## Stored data
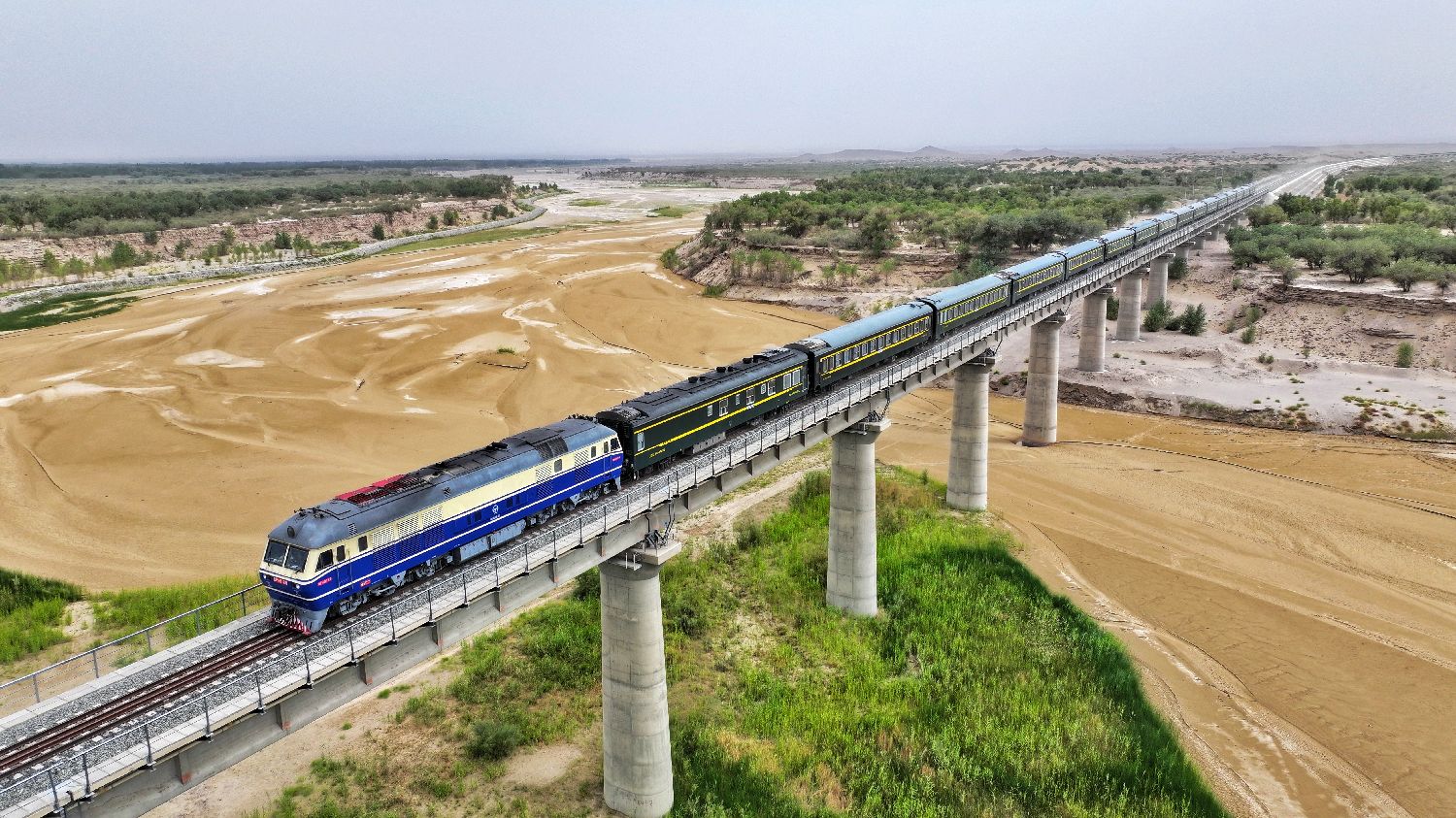 历时15年建设,环塔里木盆地750千伏输变电工程终于全线贯通,中国最大的盆地——塔里木盆地装上了电力“能量环”。图为7月8日,5818次旅客列车驶过和若铁路其其干河特大桥。
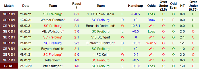 - Thống kê 10 trận gần nhất của Freiburg
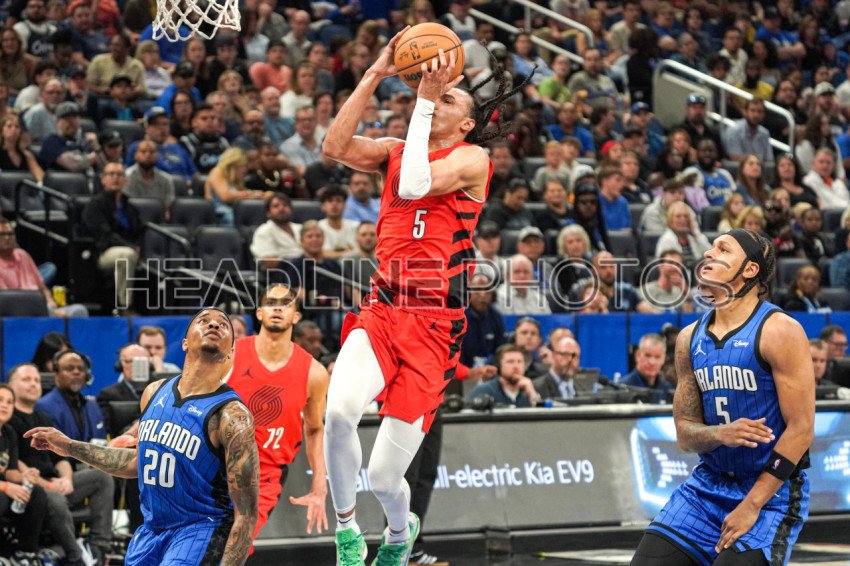 Orlando, Florida, USA, April 1, 2024, Portland Trail Blazers guard Dalano Banton #5 attempt to score in the first at the Kia Center. (Photo Credit: Marty Jean-Louis)
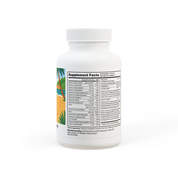 Each capsule combines essential vitamins and minerals — A, C, D, E, B-complex, Calcium, Magnesium, Zinc, Selenium, and more with a premium blend of botanical extracts, including Wild Yam, Red Clover, Lutein, Cranberry, Spirulina, Garlic, Hawthorn Berry, Cinnamon Bark, Grape Seed, Black Currant, and Pomegranate. Together, they nourish your hair, skin, immune system, and metabolism.
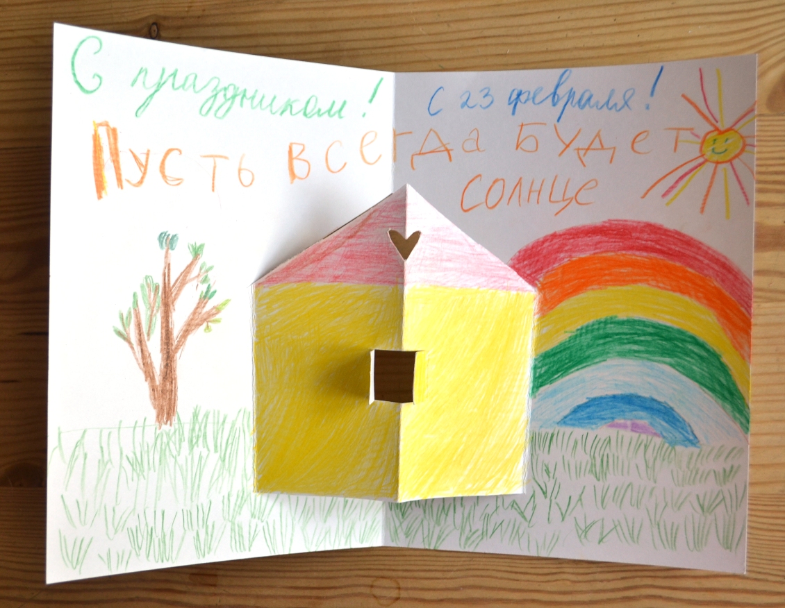 Как тело и душа человека соразмерны друг другу, так соотносятся земной край отцов и небесное отечество. Небесная родина, безусловно, главнее и выше, но пренебрегать земным отечеством – нашим временным домом – было бы несправедливо, поскольку оно тоже дано Богом. Словом, как нельзя менять местами главное и второстепенное, так не нужно умалять значение, которое имеет для нас родная земля. Именно за 23 февраля закрепилось празднование Дня защитника Отечества. Его установление связано с рядом достаточно бесславных страниц нашей истории. Но мы, как сказал поэт, истории не пишем, поэтому примем традицию за данность. И хорошо, что День защитника Отечества празднуют все: военные и гражданские, мужчины, прошедшие военную подготовку, а также те, кто не познал вкуса армейской каши. Ведь любое напоминание о мужской отваге и ответственности за порядок на вверенном участке родной земли не бывает лишним и в мирные времена. Каждую неделю мы встречаем в новостях свидетельства о героических поступках совершенно обычных людей. Кто-то во время ДТП прикрыл своей машиной автобус с детьми, кто-то отговорил человека прыгать с моста и тем самым предотвратил самоубийство, а кто-то просто шёл по улице и подхватил на руки выпавшего из окна младенца – и такое бывает! Такие поступки совершаются под влиянием порыва только на первый взгляд. На самом деле внутренняя готовность защитить человека, попавшего в беду, воспитывается постепенно, и не последнюю роль играет в этом любовь к родине. Сразу охватить умом, что же собой представляет наше отечество, трудно. Наглядно это понятие можно представить себе в виде расходящихся из одной точки кругов. Их общий центр – это личность отца, ведь не зря слово «отечество» со словом «отец» в русском языке имеет прямую смысловую связь. Так что начнем наши поделки с портрета дорогого и любимого папы. Пусть ребёнок сначала нарисует его на листе А4, а потом вырежет получившуюся картинку ножницами с фигурным краем. Затем поможем юному художнику разместить и приклеить получившийся овал (ну или почти овал) на лист цветного картона. Сделаем праздничные надписи, и поздравительная открытка готова! Подобную работу можно посвятить и дедушке, и старшему брату, и любому другому мужчине, значимому в жизни ребёнка. Следующая ступень познания отечества – это родной дом – частное владение или подъезд многоэтажного здания. В любом случае место, где проходит наше детство, не может не вызывать щемящего чувства, особенно если что-то в нём меняется. Рубят ли старые деревья во дворе или меняется планировка внутри родных стен – всё это больно отзывается где-то внутри, как будто рушится что-то такое, что должно оставаться незыблемым во что бы то ни стало. Сделать открытку в виде домика с двускатной крышей не составит вам никакого труда. Для этого сложим пополам альбомный лист, сделаем два надреза от линии сгиба и отогнём получившуюся фигуру. Затем изображение домика, также с помощью ножниц, оснастим окошком. В завершение дорисуем все необходимые детали цветными карандашами, мелками или фломастерами и сделаем поздравительную надпись. Трудно любить то, о чём нам известно мало. Поэтому следующим этапом нашего разговора об отечестве будет знакомство с родным городом. Чем славен ваш родной город? А с чем связан выбор именно тех элементов, из которых с
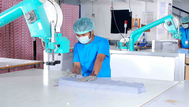 Garments are finely cut with band knife and Lay cutting machines for appropriate precision. Each fabric is accurately measured to ensure perfect fit. The cut fabrics are then sewed skillfully to create suitable garments.
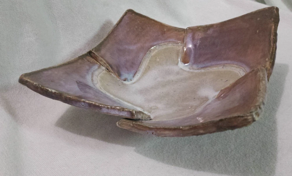 | Color | Dusty Mauve & Tan with Purple Opalescent Glaze |

## Task goal
Repeat only the lines between the top of the entries above and the line containing "Each capsule combines", both ends included, without the pictures.

## Expected answer
 历时15年建设,环塔里木盆地750千伏输变电工程终于全线贯通,中国最大的盆地——塔里木盆地装上了电力“能量环”。图为7月8日,5818次旅客列车驶过和若铁路其其干河特大桥。
 - Thống kê 10 trận gần nhất của Freiburg
 Orlando, Florida, USA, April 1, 2024, Portland Trail Blazers guard Dalano Banton #5 attempt to score in the first at the Kia Center. (Photo Credit: Marty Jean-Louis)
 Each capsule combines essential vitamins and minerals — A, C, D, E, B-complex, Calcium, Magnesium, Zinc, Selenium, and more with a premium blend of botanical extracts, including Wild Yam, Red Clover, Lutein, Cranberry, Spirulina, Garlic, Hawthorn Berry, Cinnamon Bark, Grape Seed, Black Currant, and Pomegranate. Together, they nourish your hair, skin, immune system, and metabolism.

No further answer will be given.